Climate change-induced extreme weather events have claimed over 3,700 lives, displaced millions and added 41 days of dangerous heat globally in 2024, according to two climate research organisations. The analysis, When Risks Become Reality: Extreme Weather in 2024 by World Weather Attribution (WWA) and Climate Central, underscores the urgent need for countries to transition away from fossil fuels and bolster preparations for extreme weather events in 2025 and beyond. “This year has been the clearest and most devastating demonstration of the impacts of fossil fuel warming,” said Dr Friederike Otto, lead of WWA and Senior Lecturer in Climate Science at Imperial College London. “Extreme weather killed thousands, displaced millions, and caused unrelenting suffering.” According to the report, Human-induced climate change has added an average of 41 days of dangerous heat worldwide in 2024. The report revealed that human-caused climate change intensified 26 of the 29 weather events studied, including record-breaking floods, hurricanes, and droughts.
 
These events killed at least 3,700 people and displaced millions. Extreme rain in Kerala and surrounding areas was one of the 219 extreme weather events studied for the report. In Africa, floods in countries like Sudan, Nigeria, and Cameroon were the deadliest event, claiming over 2,000 lives and displacing millions.

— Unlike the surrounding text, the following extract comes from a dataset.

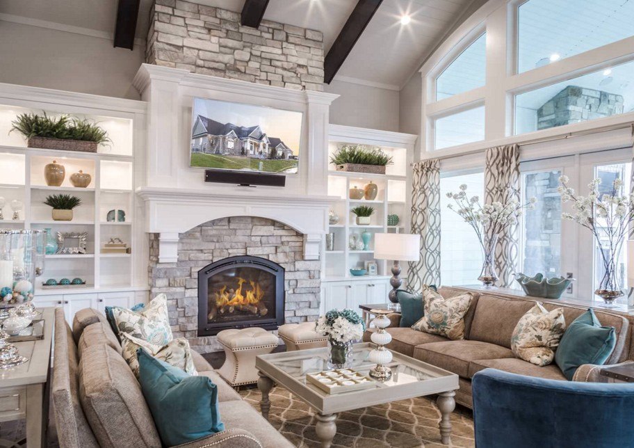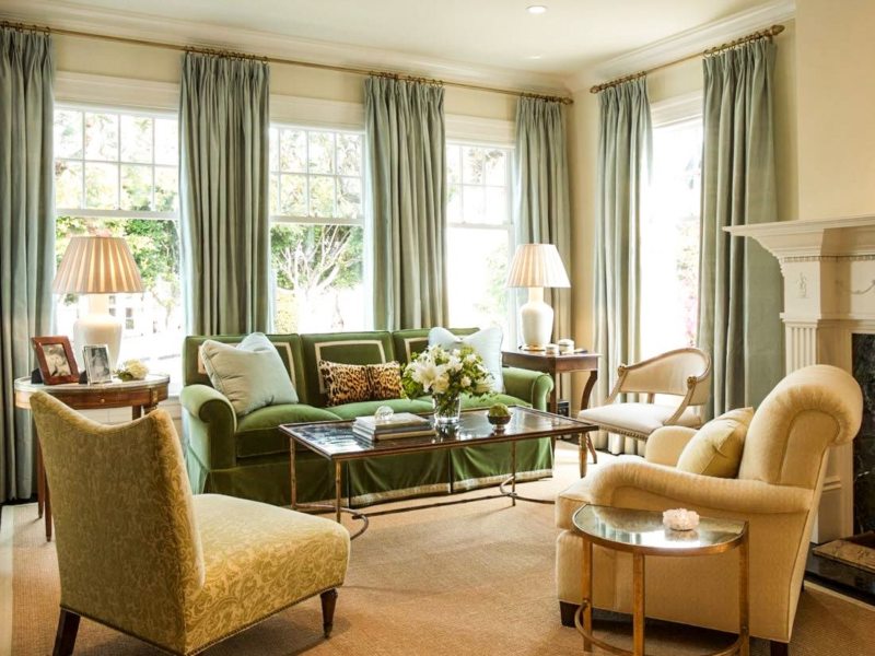 The colors and shades in which the room is decorated should overlap with each other. Suppose you choose upholstered furniture in a light green hue. So that it does not look foreign in the living room, pick up curtains for windows of the same color. Or decorate the room with light green tabletop vases and other interior details. But remember, everything must be in balance. Do not litter the room with a large number of accessories.

The study noted that similar rainfall events could become annual occurrences if warming reaches 2 degrees celsius, a threshold that may be crossed as early as the 2040’s. Hurricane Helene, which struck six US states, was intensified by climate change, with sea temperatures fuelling it made 200 to 500 times more likely. The hurricane left 230 people dead, becoming the second-deadliest mainland US hurricane after Katrina in 2005. Meanwhile, a historic drought in the Amazon--made 30 times more likely by global warming--threatened to push the forest towards a drier state, jeopardising its role as a carbon sink and its biodiversity.